Faster Kill Chain
BY Herschel Smith17 years, 3 months ago
In A-10s Aid in Counterinsurgency, we discussed the new role being contemplated for A-10s. The storied tank-killer has a new mission, i.e., that of aiding and assisting in counterinsurgency, or so it was being planned (debates on this can be seen in Air Power and Small Wars, and Warfare and Lawfare: An Unstable Alchemy). Perhaps as a test for this mission, the A-10 (438th Air Expeditionary Group) went back into action to provide close air support for Marines in the Anbar Province. Not long after this deployment, it was announced that the The USAF was considering a new A-10 COIN Squadron. The consideration and debates have been concluded, and the decision has been made to upgrade the “Warthog” to the A-10C, with improved electronics, avionics and weapons controls, consistent with our observation that “redeployment of this beautiful aircraft will require the involvement of engineering.”

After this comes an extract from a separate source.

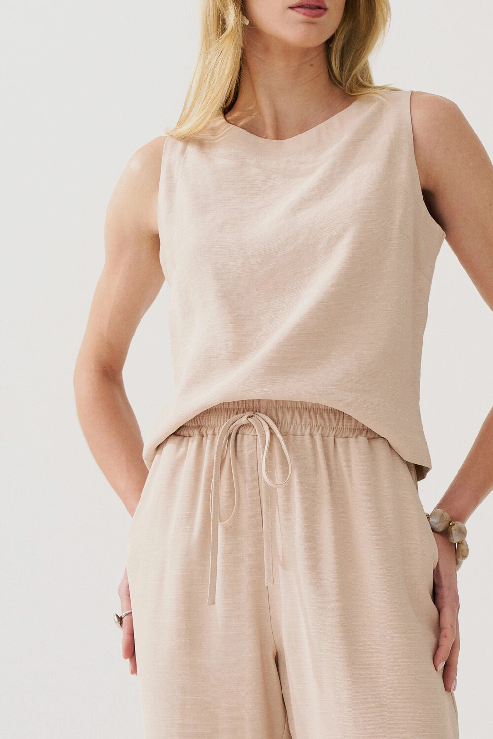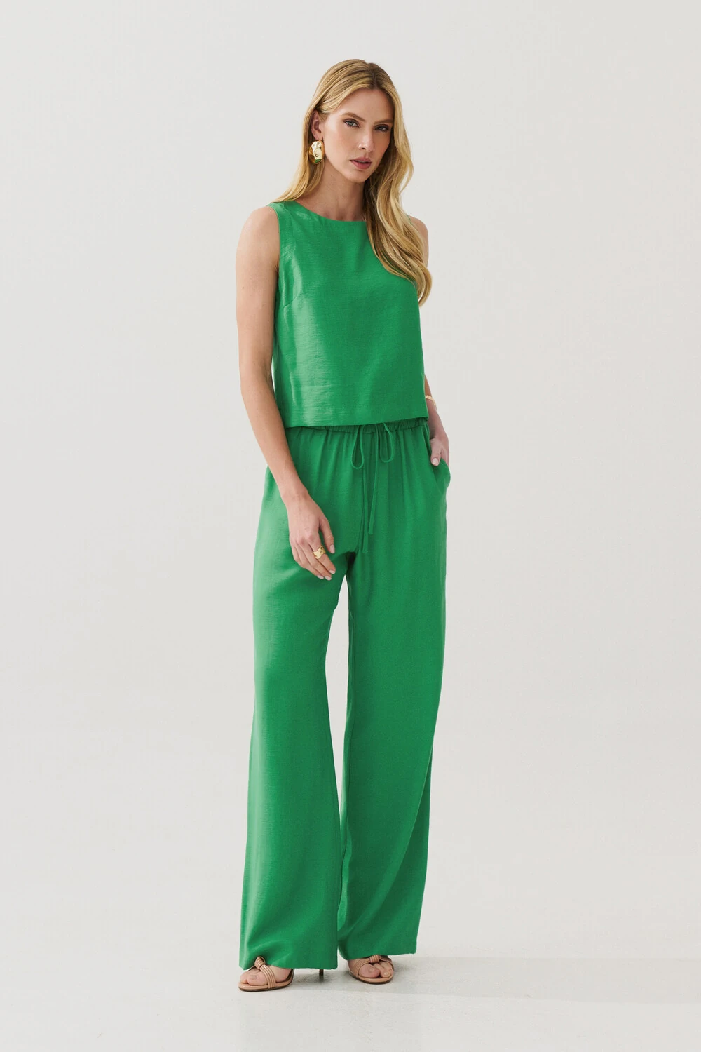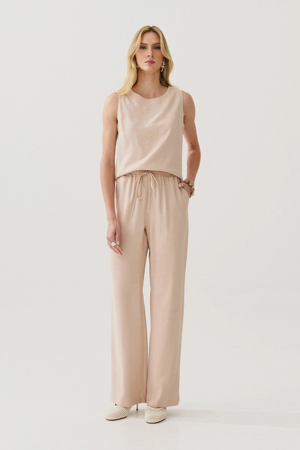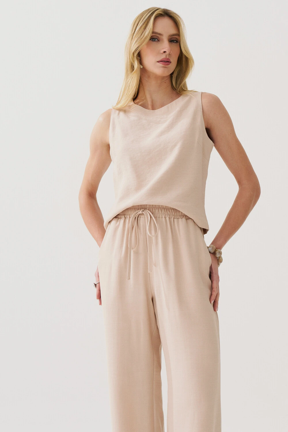 Conjunto de blusa regata crop com pence e calça reta com elástico e laço na cintura e bolso faca.

The deployment of the newly upgraded Fairchild Republic A-10C Thunderbolt II bomber-attack aircraft in Iraq next month will make it easier for the US Air Force (USAF) to provide close air support to ground troops, according to the commander of USAF’s Air Combat Command, General Ronald Keys.
However, more extensive upgrades are still needed to keep the aircraft on top of its game, he said.

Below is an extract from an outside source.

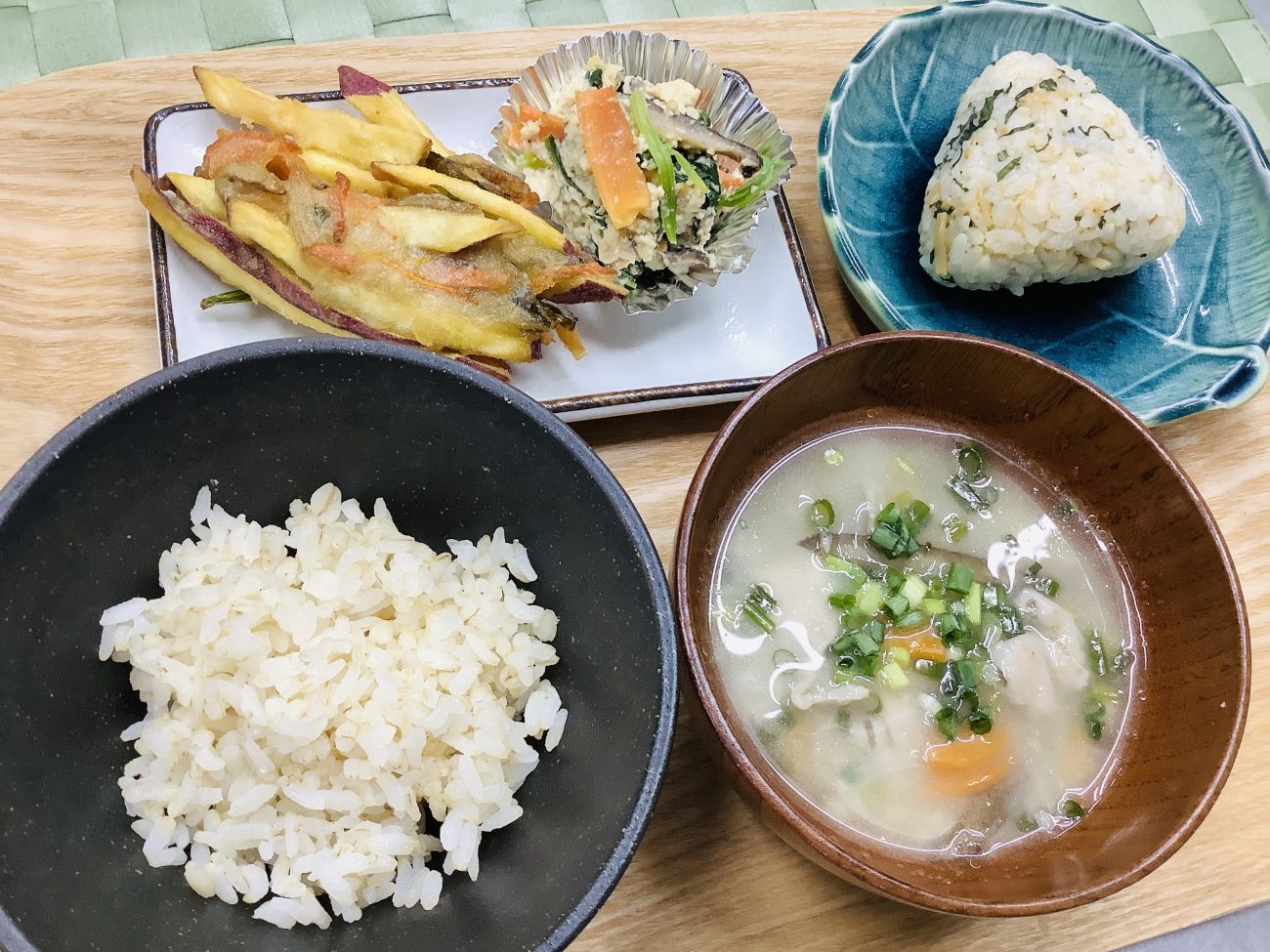 今日は郷土料理の日でした。芋がねには、ごぼう、にんじん、ニラも入っていてさつま芋がメインです。ごぼうは蒸し煮をして下処理をしているので、柔らかく、良い香りがします。ニラも良い味のアクセントになりました。また、ころもは小麦粉と米粉を混ぜて作りました。こうすることで、外側はサクサク感があり、なかはもっちりしています。

General Keys said the USAF’s modernisation plans for the A-10 ‘Wart Hog’ have been held back from their full potential by bureaucratic wrangling and congressional resistance.
“This is not the super Hog we envisioned but this is a better-than-average Hog,” Gen Keys said during a ceremony to announce initial operational capability of the A-10C at Langley Air Force Base in Virginia on 21 August.

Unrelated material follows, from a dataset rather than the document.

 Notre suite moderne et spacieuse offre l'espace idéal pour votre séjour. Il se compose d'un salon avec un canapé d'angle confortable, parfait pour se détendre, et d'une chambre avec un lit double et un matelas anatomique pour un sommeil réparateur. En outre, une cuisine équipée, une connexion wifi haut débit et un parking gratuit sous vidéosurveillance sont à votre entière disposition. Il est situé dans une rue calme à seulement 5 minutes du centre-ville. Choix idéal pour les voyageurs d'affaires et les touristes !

“The hardest wars we fight are not on the battlefield but the wars we fight in the halls of Congress, they are fought in the Pentagon, they are fought in these programmes, to make sure the money is paid and eventually the programme is operating.”
Despite voicing frustration with the overall pace of A-10 modernisation, Gen Keys said the USAF was off to a good start with the USAF’s Precision Engagement programme, which aims to upgrade all 356 aircraft to the A-10C configuration by 2011.
The modifications to the A-10C were significant.
The A-10’s enhancements included, among other modifications, new sensors that allow the fighter to “identify and strike targets from higher altitudes and greater distances,” according to the Air Force.
New color displays were added in the cockpit and the throttle and stick were upgraded to increase “situational awareness of the pilot and the ability to perform most tasks without removing his or her hands from the throttle or the stick.”
Courtesy of Dailypress.com. We only disagree on one count: ugly aircraft! Nay, and in the superlative degree. She’s a beauty! Watch it all. Faster kill chain. Just so.
On August 27, 2007 at 9:36 am, fumento said:
Ah! But just another chance for the Air Force to claim that there’s no use for helicopter gunships!
On August 28, 2007 at 1:45 am, Herschel Smith said:
Michael, leave it to you to think of something that I have not. No, and in the superlative degree. Not only do we need a COIN aircraft, but we need helicopter gunships. Yes to all of the above.
When we were at Myrtle Beach years ago when the air force base was open there (on vacation), and took a visit to the AFB as part of our vacation, upon hearing about the A-10’s redundant pneumatic controls design, she asked, “where is the plane that Tom Cruise flew?”
And at this point, every educated person wanted to shoot her. And properly so. It is a good thing we didn’t have firearms.